As mentioned previously, the exterior of the components 10, 11 of the frames A, B guide and support displaceable drive members 40 arranged side-by-side.

As shown in FIG. 1, the support 17 also carries a similarly-displaceable drive member 40' which lies at the top of the shield apparatus. The drive member 40' is widened in relation to the other drive members 40 and engages as with a tongue-and-groove connection with adjacent drive members 40 to close off the gap therebetween. The undersides of the floor structures 14, 15 also guide displaceable drive members 40" resting on the floor of the working. As with the drive members 40, the drive members 40', 40", are shifted with the aid of rams 41 and preferably individually.

To ensure that the various telescopic guides are not subjected to excessive force when the frames A and B are shifted up the struts 42 carry a guide device 43 which as shown in FIG. 3, comprises a projection block 45 engaging in a slidable guide piece 44.

It is not essential to provide the drive members 40, 40', 40" and the frames A, B can be adapted to directly engage the wall of the excavation.
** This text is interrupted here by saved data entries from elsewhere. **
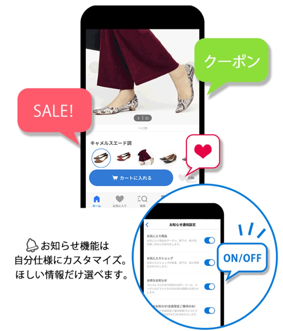 さらに、マルイショッピングアプリをダウンロード&アプリの通知ONにしていただくと、お気に入り登録したショップやアイテムのおトク情報をお知らせします。ネット通販限定『マルコとマルオの3日間』の期間中に見逃したくない「わずか1点」「クーポン対象」などの情報をお知らせいたしますので、通知設定をお忘れなく!
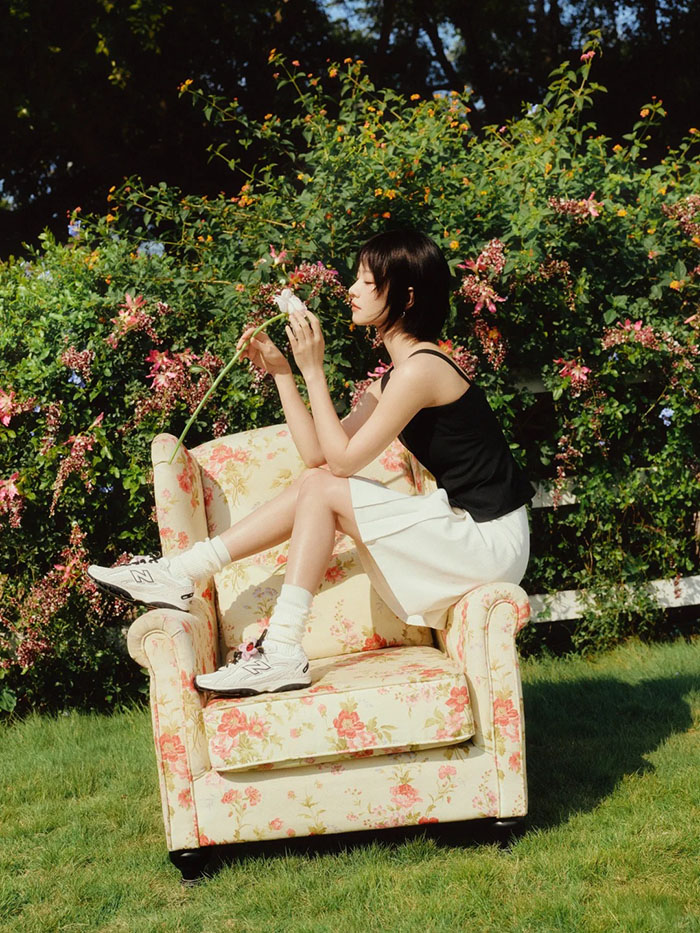 为了让这份春日美学具象化,本次BEAST野兽派 x New Balance联名特别邀请青年演员李庚希演绎专属合作大片。镜头之下,她化身春日花园里的优雅采花女,脚踩 204L 联名鞋款于繁花间悠然漫步,步履间尽是轻盈自在,鞋款的灵动质感与春日的温柔氛围悄然共鸣,将「春日漫叙 步履成诗」的创作内核诠释得淋漓尽致,也让观者直观感受到这款鞋款与春日场景的高适配度。
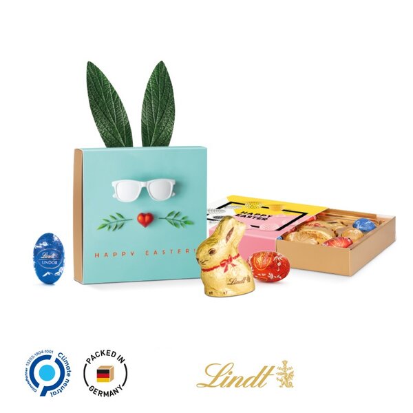 Mit der Neuheit dem Lindt Präsent für Osterüberraschungen sorgen! Die kleinen Kostbarkeiten bringen deinen Kunden grosse Freude. Befüllt mit Lindor Eiern und einem Goldhasen strahlt die Pralinenschachtel durch das Herausbrechen der Ohren ein Gefühl von Ostern aus. Durch deine individuelle Gestaltung auf weissem Karton verschenkst auch du süsse Werbebotschaften, die sicher lange in Erinnerung bleiben.
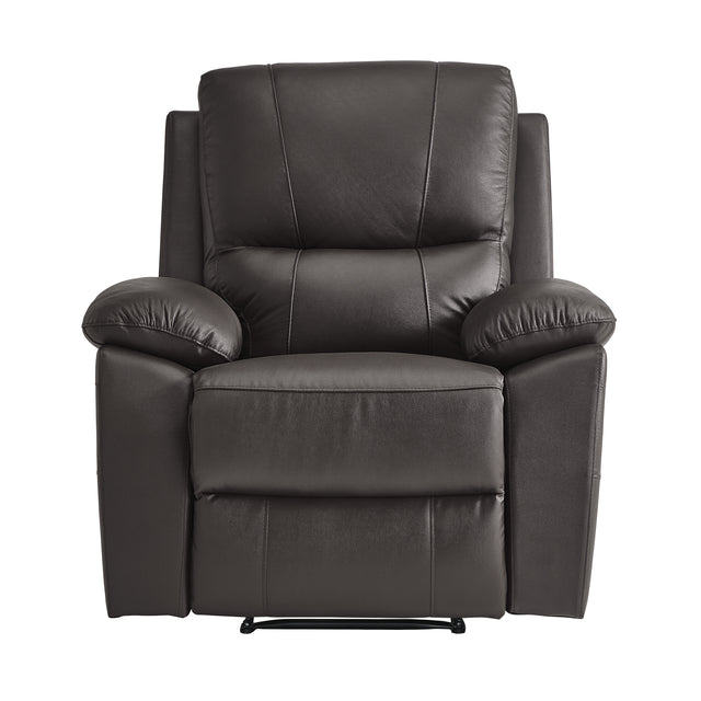 The velvety seating, pillow-top arms, and adaptable appearance of the dawson collection make it the ideal piece to incorporate into the casual living space of your house. the chair has a covering of brown imitation leather on the upholstery. when activated, the manual motion mechanism of the dawson collection allows you to go from a seated to a reclined position in a smooth motion. this mechanism is activated by pulling a tab that is positioned on the side of the chair.
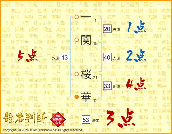 一(1画)関(19画) 桜(21画)華(12画)

The shape of the frames A, B can also be modified if desired, e.g., ovular or polygonal configurations are practicable.

Claims

1. In a shield apparatus for driving tunnels or the like comprising two axially spaced apart support frames each of generally arch-shaped configuration, drive members supported on the outer sides of the frames, the drive members extending in the axial direction, and means for shifting one frame relative to the next in the axial direction, the improvement comprising support frames each assembled from:

two transversely spaced apart floor components,

a ridge component,

two transversely spaced apart outwardly arcuate side components, each side component having upper and lower ends, the upper end thereof being adjacent a respective side of the ridge component, the lower end thereof being disposed above a respective one of the floor components,

a pair of first telescopic guide means, each comprising a first member rigid with one of the floor components and a second member pivoted to the associated side component about an axis extending axially of the apparatus,

a pair of second telescopic guide means, each comprising a member rigid with a respective side component and a member pivoted to the ridge component about an axis extending axially of the apparatus,

a pair of first hydraulic ram means, each acting between the ridge means and a respective side component, and

said arcuate side components being supported solely at said upper and lower ends.
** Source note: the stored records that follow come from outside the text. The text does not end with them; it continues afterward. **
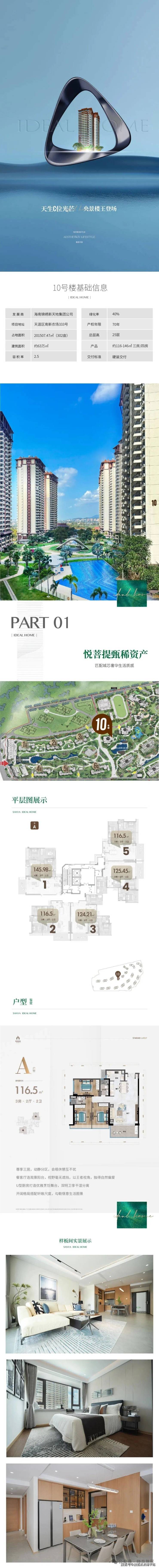 10号楼坐拥山、海、园三重稀缺视野,户户皆景,推窗即见三亚湾醉美夕阳。社区主入口近在咫尺,下楼即达1200㎡无边际泳池,5分钟步行至会所与幼儿园,生活便捷与度假仪式感在此交融。
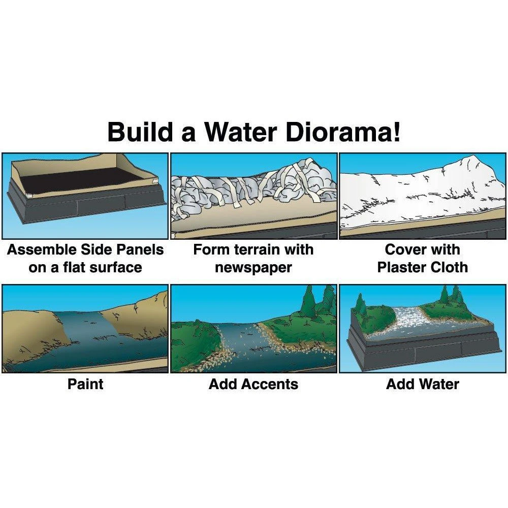 Create any type water area for your diorama. Kit includes everything needed to make waterfalls, ponds, rivers, rapids, oceans, waves, and more!
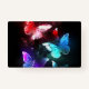 Trois papillons lumineux, rouges, violets, verts, texturés, nocturnes sur arrière - plan noir lumineux.
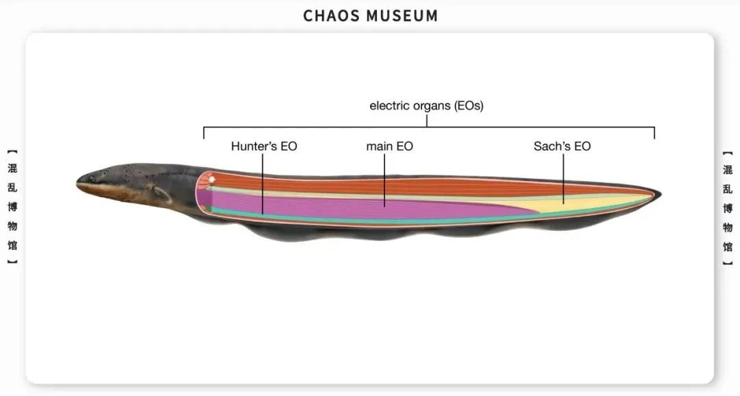 要回答這個問題並不容易。不過,我們可以先看看它們為這種演化所付出的代價:電鰻所有的內臟都只能在「頭部」擠成一堆,相當於腦袋後面緊挨着屁股,看似是「軀幹」的絕大部分其實都是尾巴,裏面裝滿了電器官。

2. An apparatus as claimed in claim 1, wherein a floor beam is disposed between the floor components and third hydraulic ram means are arranged to act between each of the floor components and the floor beam.

3. An apparatus as claimed in claim 1, wherein the ridge component is constituted by a hollow axially extending beam and the second guide means and second hydraulic ram means extend through apertures in the sides of said beams.

4. An apparatus as claimed in claim 1, wherein the guides include a box-shaped tubular guide member.

5. In a shield apparatus for driving tunnels or the like comprising two axially spaced apart support frames, each of generally arch-shaped configuration, drive members supported on the outer side of the frames, the drive members extending in the axial direction, and means for shifting one frame relative to the next in the axial direction, the improvement comprising support frames each of which is self-supporting whereby the space within the frame is wholly unobstructed, each frame comprising a ridge component, a pair of arcuate side components and at least one floor component, the ridge and side components being connected by telescopic guides each having one member rigid with one of the ridge components and a respective side component and another member pivoted to the other such component, each side component being supported from the at least one floor component by a respective telescopic guide having one member rigid with one of the side components and at least one floor component and another member pivoted to the other such component, and hydraulic ram means for adjusting the height of the side components relative to the at least one floor component and relative to the ridge component.